With the thing right in front of them, yet no longer actively searching for them, Juliana took note of a few smaller details. The poles were not smooth shafts. Spines and barbed hooks staggered along the metal. The demon used the spines to climb the poles. Its flesh tore open, dripping black blood as it went.

Most agonizing of all was the sheer time it took to ascend. Its arm slid up, catching on a hook. Then a leg. The other arm.

By the time it reached the apex, Juliana’s arms and legs had completely locked up.

And then it started moving.

Juliana winced at the thunderous thunk. That single step took it almost to the edge of her vision. Two more and the only sign of it was the sound.

Even with the ache in her joints, Juliana did not move a single muscle until the last of the demon’s heavy thunks had quieted to murmurs.

Shalise moved far sooner than Juliana had wished. She peeled off the fingers blocking her mouth and took a deep gasp of air.

“W-what–that thing–it was enormous.”

“Y-yeah.” Juliana closed her eyes and took a few calming breaths. Her words were not as steady as she wanted. As she needed. It was her responsibility to get Shalise through whatever mess they had gotten themselves into. Especially if it was her fault they were here in the first place. “P-please don’t scream again.”

“I-I’ll try.”

Juliana took a step in the direction the impaled demon had gone.

Shalise didn’t move except to grip Juliana’s arm. “We’re f-following it?”

“It’s either that or go where it came from. We might as well continue in the direction we were going. It didn’t see us, so it should be safe to come across as long as we don’t make noise.”

Shalise’s face was twisted in an expression that Juliana wasn’t sure what to make of. Instead of puzzling it out, Juliana wrapped her arms around Shalise.

“We’ll get out. We’ll be fine. We’ll get back to mom and Eva and Zoe and we’ll have a great story to tell. Adventure, danger, and all that. We could even write a book and sell it!”

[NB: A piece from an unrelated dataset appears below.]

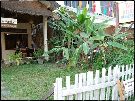 メコン川沿いの賑やかなファーグム通りから少し入ったところにある、名前のない小さなカフェ。店先には「house roasted coffee」の看板が掲げられ、そこがカフェだと気付かないで通り過ぎてしまいそうな小さなお店。この店の店主、松島陽子さんにお話を伺ってみた。

Probably not. Telling people they interacted with demons wouldn’t go over well, not if what she’d heard about demon hunters had any grain of truth.

Maybe anonymously? But how would royalties be received? Any competent tracker could follow the money trail.

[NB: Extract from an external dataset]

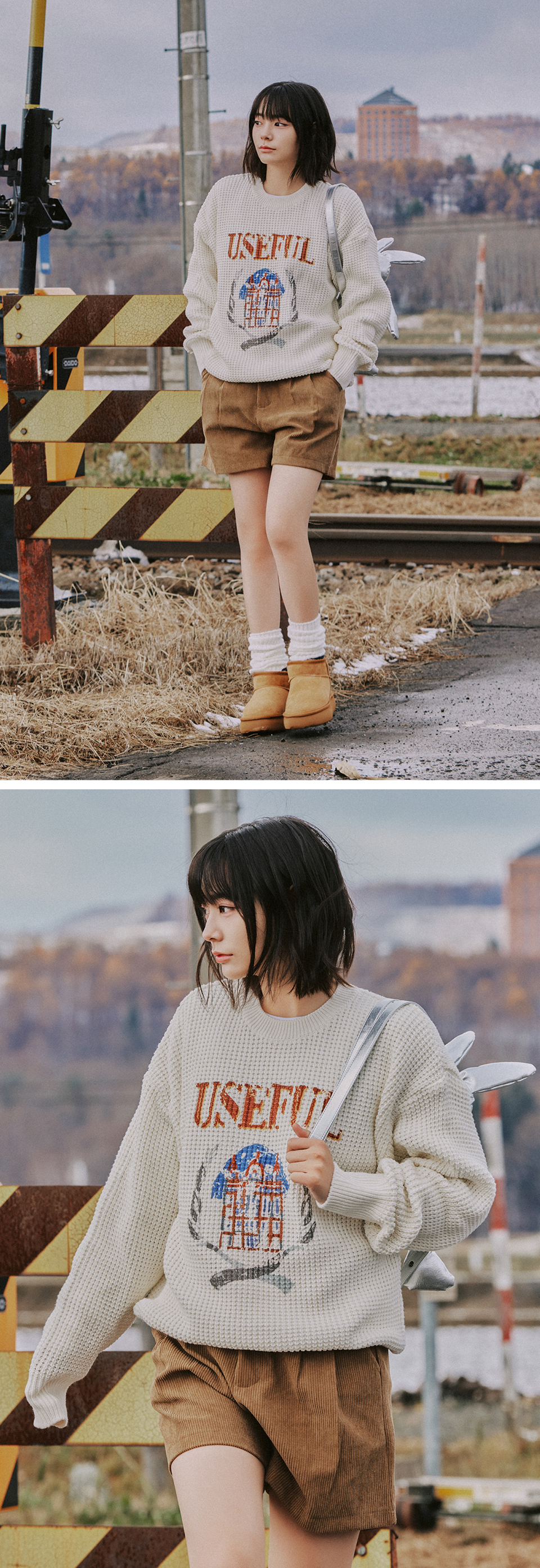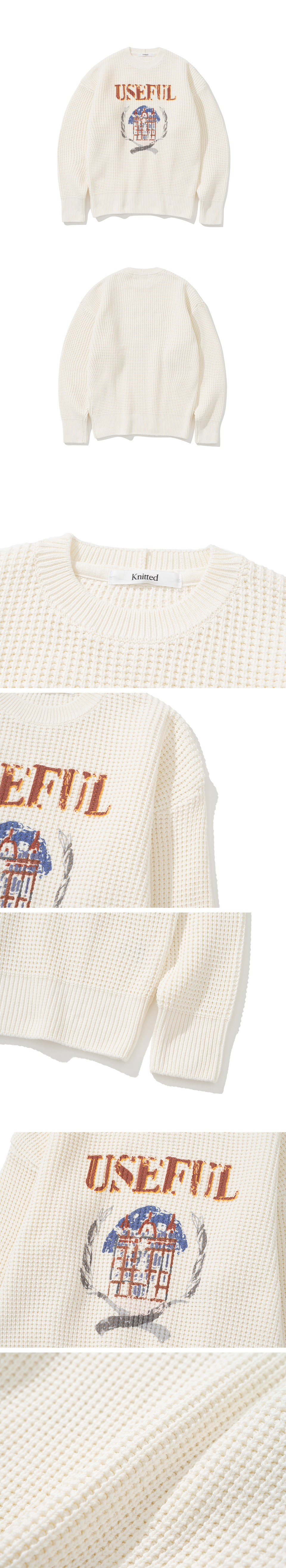 니티드 코튼 유즈풀 캐슬 라운드 니트 아이보리

Perhaps a work of fiction pretending to be real. That might work.

Shalise sniffled, interrupting Juliana’s thoughts.

Juliana moved back, giving her some space. She kept her fingers interlaced with Shalise’s as reassurance.

She just hoped she believed her own words.

Keeping their hands together, Juliana started off after the demon.

It took half an hour of walking–at a decent pace, no less–before the scenery changed again.

Changed might be an understatement, Juliana thought as she glanced around.

The cold cell corridors changed into a series of much larger, open-front cells. Each one had a glowing red barrier capping the open end.

Juliana stopped at the first one and looked in. A gasp came from Shalise at her side.

It was easy to see why.

Ylva was one thing. Regal, tall–a giant, even–and radiated an air of power.

Arachne was another thing. Violent, twisted, and had an eightfold glare.

Neither of them quite measured up to what Juliana would have identified as a demon before actually meeting one for real. And, in fact, very few of the demons she had summoned resembled classical demons. Perhaps the imp. But things like the marionette theater-demon? Not a chance.

The creature chained to the back of the cell was a demon in every sense of the word.

Red skin, hoofed feet, curled horns sprouting from his forehead. His–and it was a he without a doubt–legs were the size of tree trunks and his arms weren’t much smaller. The demon’s stomach looked like it had been chiseled out of a mountain.

A very buff and well-toned mountain that Juliana found difficult to tear her eyes away from.

He looked on with glowing red eyes, somewhat reminiscent of Eva’s own. Surprise turned to curiosity turned to mirth.

A deep laugh reverberated in Juliana’s chest.

When he spoke, his voice rumbled in a deep baritone. Borderline bass.

“Mortals. Free me.”

Chapter 002

Melancholy

It was surprising how normal everything seemed.

Not seemed.

Everything was normal.

Just like after Halloween, people’s lives went on. School went on. Learning went on. Everyone just ignored the empty table where her students usually sat.